Summer Party Auction

Mobile bidding for a black-tie fundraising event

Client: Museum of Fine Arts Boston
My Role: Interaction Design, Visual Design
Timeline: 3 weeks
The project and Core user problem

This three-week project explored how a silent auction experience could increase participation at a formal, social event without disrupting the atmosphere. Traditional silent auctions require attendees to linger at tables or screens, creating friction in settings where attention is meant to stay on the event itself.

Working with a front-end developer and a back-end developer who also served as product owner, the core challenge was balancing casual exploration with high-confidence bidding under tight time and technical constraints. Guests needed to quickly understand what was at stake and place bids without upfront account creation or payment setup.

The design intentionally delayed authentication and payment until a user committed to bidding, allowing friction-free browsing while preserving trust and clarity at the moment of action. Familiar mobile patterns, minimal interruption, and clear confirmation and error states supported fast decisions and helped drive participation without pulling users out of the room.

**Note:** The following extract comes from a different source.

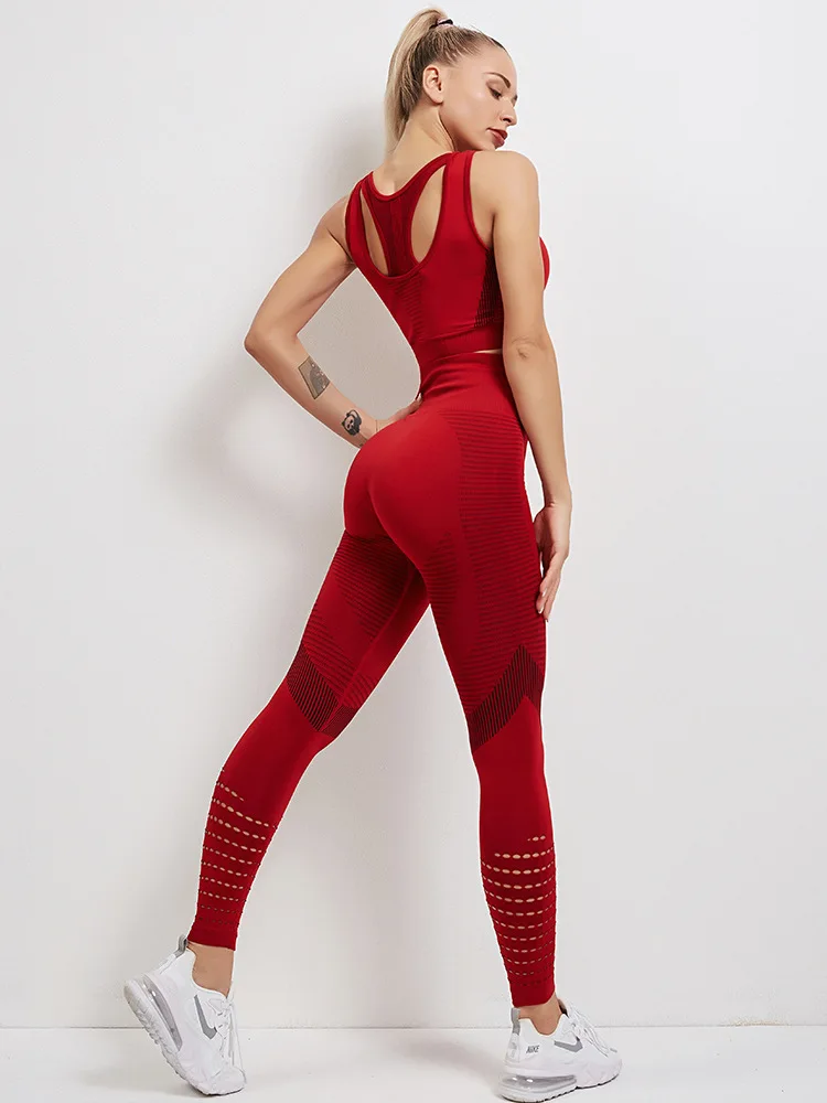 Спортивный костюм для йоги бесшовный Женский, тренировочная одежда, гимнастический костюм, леггинсы с высокой талией, спортивный бюстгальтер, кроп-топ, 2 шт.

Behavioral assumptions & constraints

  • Users can browse and filter without committing, but bidding requires upfront trust.
  • Payment setup is a hard gate and a primary abandonment risk.
  • Small preset bid increments reduce hesitation compared to free-form entry.
  • Immediate confirmation and deferred charging help maintain momentum.
  • Error states must preserve context and avoid resetting the auction feed.

Designs

Outcome/Reflection

Outcome & Reflection
The silent auction met and exceeded the museum’s internal fundraising goals for the event. While exact participation and revenue metrics were not available, stakeholders reported strong engagement and positive feedback from attendees, particularly around the ease of browsing and bidding without disrupting the event experience.

This project reinforced the importance of aligning interaction design with context. In a social, time-bounded environment, reducing upfront commitment and deferring friction until intent is clear can meaningfully increase participation without adding visible complexity. The three-week timeline also required prioritizing clarity and reliability over polish, underscoring how effective UX decisions often come from constraint-driven tradeoffs rather than exhaustive research.